Sylvia gave a tolerant little laugh.
“Now,
Kester, you know I have
barely
enough to live on! My poor Conrad,” she explained to Eleanor, “was not a practical business man for all his noble qualities. That’s why I’m giving all I have, my strength and my time, to the cause. It’s all I have to give.” She proceeded to explain that of course, she had known it all along, when people put their whole confidence into one staple commodity they were heading
straight
for disaster. As neither of them had ever heard her say so before, Kester continued to be amused and Eleanor irritated. Cousin Sylvia asked Kester if he would please look for her handkerchief, she must have dropped it when she got out of her buggy, and when he was gone she urged Eleanor in a confidential voice to be
very
cheerful during these trying days. “And
don’t
make such pessimistic remarks, my dear girl,” she went on. “What every man wants of his wife is comfort and cheer. I know about these things.”
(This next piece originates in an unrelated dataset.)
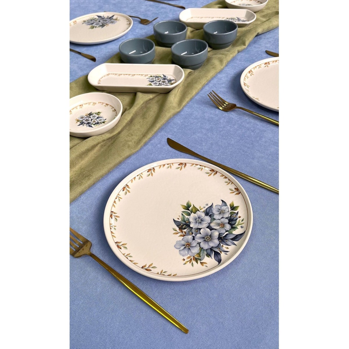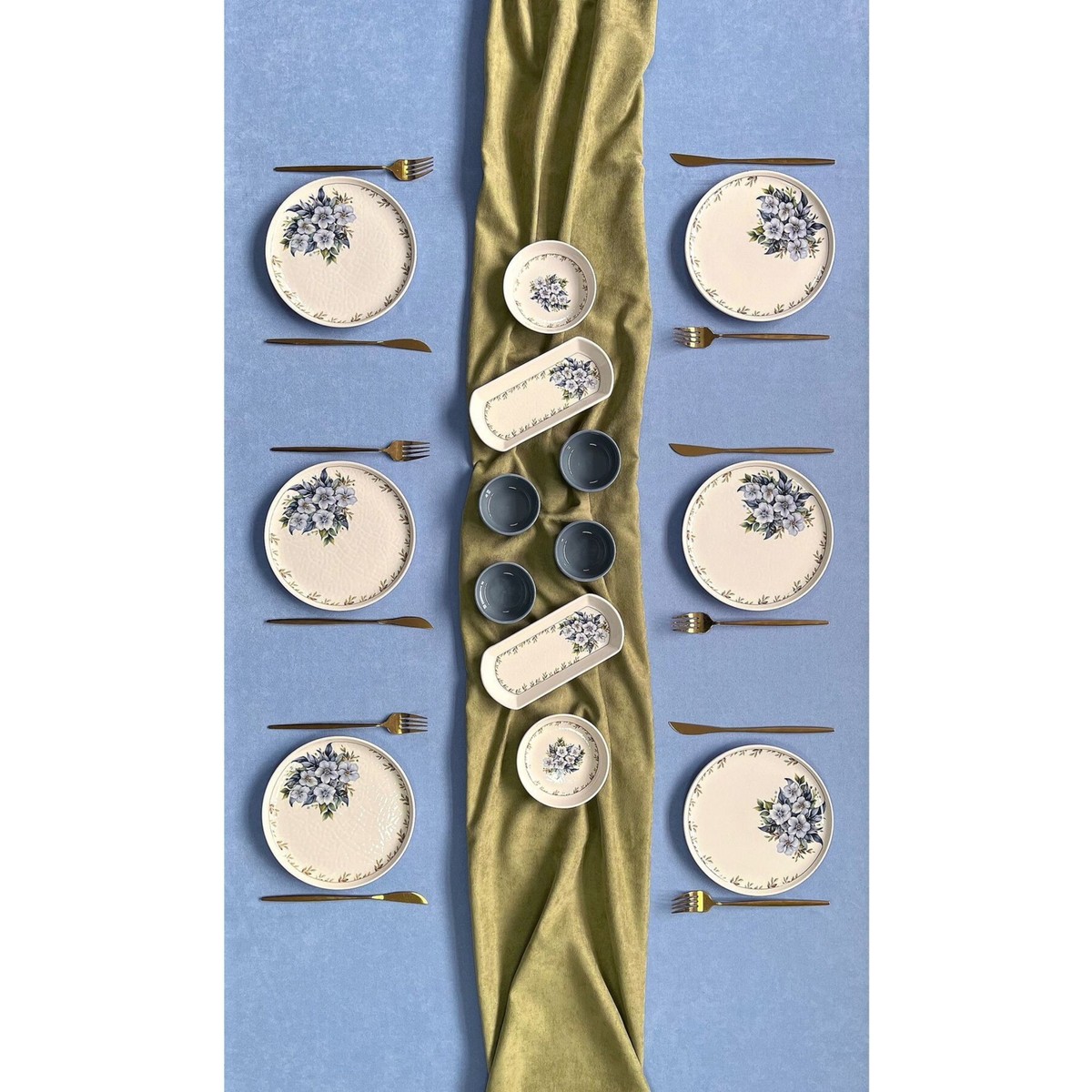 Yiğit Seramik Züccaciye Yediveren Çiçeği 14 Parça Kahvaltı Takımı 6 Kişilik Mavi Desenli

Eleanor was tempted to slap her, but was saved from carrying out her impulse by Kester, who returned to say that he could not find the handkerchief, and remarkably Sylvia discovered that she still had it in her bag, how stupid of her to think she had dropped it. Now if they couldn’t buy a bale today, would they at least take tickets for the dance? Such a worthy cause. Eleanor was moved to wrath when Kester bought the tickets.
“Did you have to do that?” she demanded when Cousin Sylvia had left.
Kester sank into a chair and began to laugh. “No, but I did it because I wanted to. Isn’t she wonderful? The first time I ever got sent upstairs in disgrace it was for laughing at Sylvia out loud.”